§ DATA
□ □ □ □
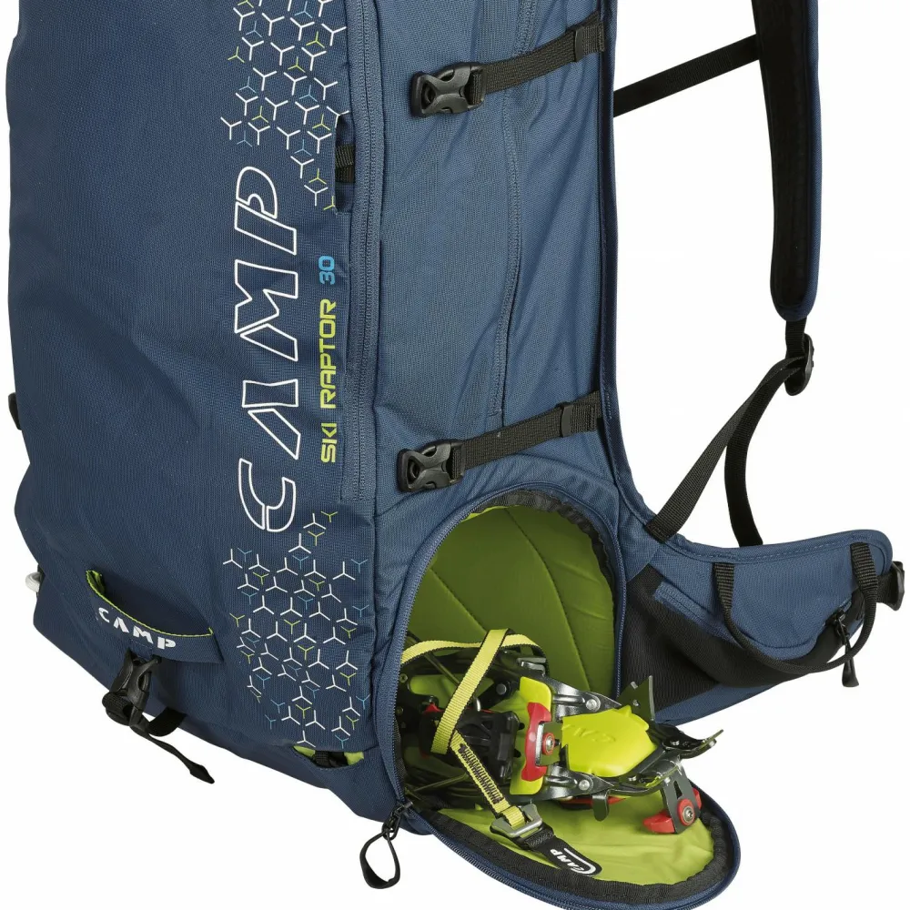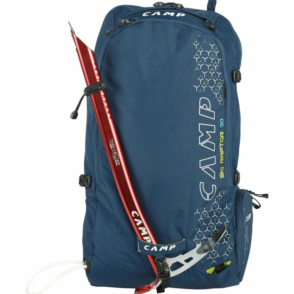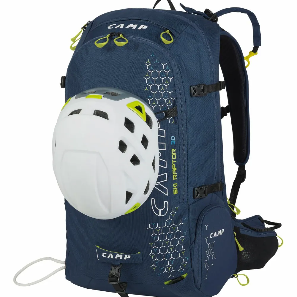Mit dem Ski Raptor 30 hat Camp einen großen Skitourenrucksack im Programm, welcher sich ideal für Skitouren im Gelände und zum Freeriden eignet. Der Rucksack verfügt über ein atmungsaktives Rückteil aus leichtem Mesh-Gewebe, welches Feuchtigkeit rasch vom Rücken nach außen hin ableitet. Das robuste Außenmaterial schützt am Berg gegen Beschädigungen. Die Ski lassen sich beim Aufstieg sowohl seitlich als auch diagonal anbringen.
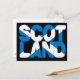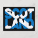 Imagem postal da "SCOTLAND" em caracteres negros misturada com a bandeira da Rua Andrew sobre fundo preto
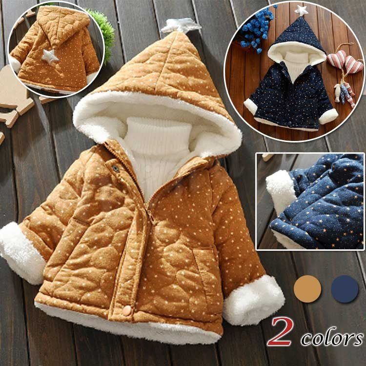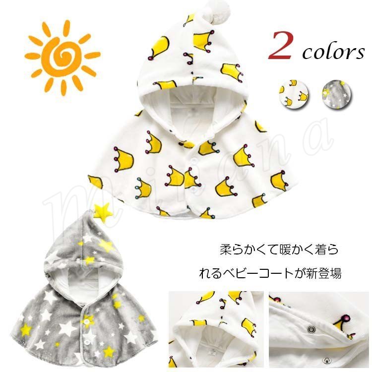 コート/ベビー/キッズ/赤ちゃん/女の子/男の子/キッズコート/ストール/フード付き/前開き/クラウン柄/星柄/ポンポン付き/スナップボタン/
□ □ □ □
§ REQUIRED WORK
Quote the listing above in full, except for the pictures.

§ RESPONSE TO THE EXERCISE
Mit dem Ski Raptor 30 hat Camp einen großen Skitourenrucksack im Programm, welcher sich ideal für Skitouren im Gelände und zum Freeriden eignet. Der Rucksack verfügt über ein atmungsaktives Rückteil aus leichtem Mesh-Gewebe, welches Feuchtigkeit rasch vom Rücken nach außen hin ableitet. Das robuste Außenmaterial schützt am Berg gegen Beschädigungen. Die Ski lassen sich beim Aufstieg sowohl seitlich als auch diagonal anbringen.
 Imagem postal da "SCOTLAND" em caracteres negros misturada com a bandeira da Rua Andrew sobre fundo preto
 コート/ベビー/キッズ/赤ちゃん/女の子/男の子/キッズコート/ストール/フード付き/前開き/クラウン柄/星柄/ポンポン付き/スナップボタン/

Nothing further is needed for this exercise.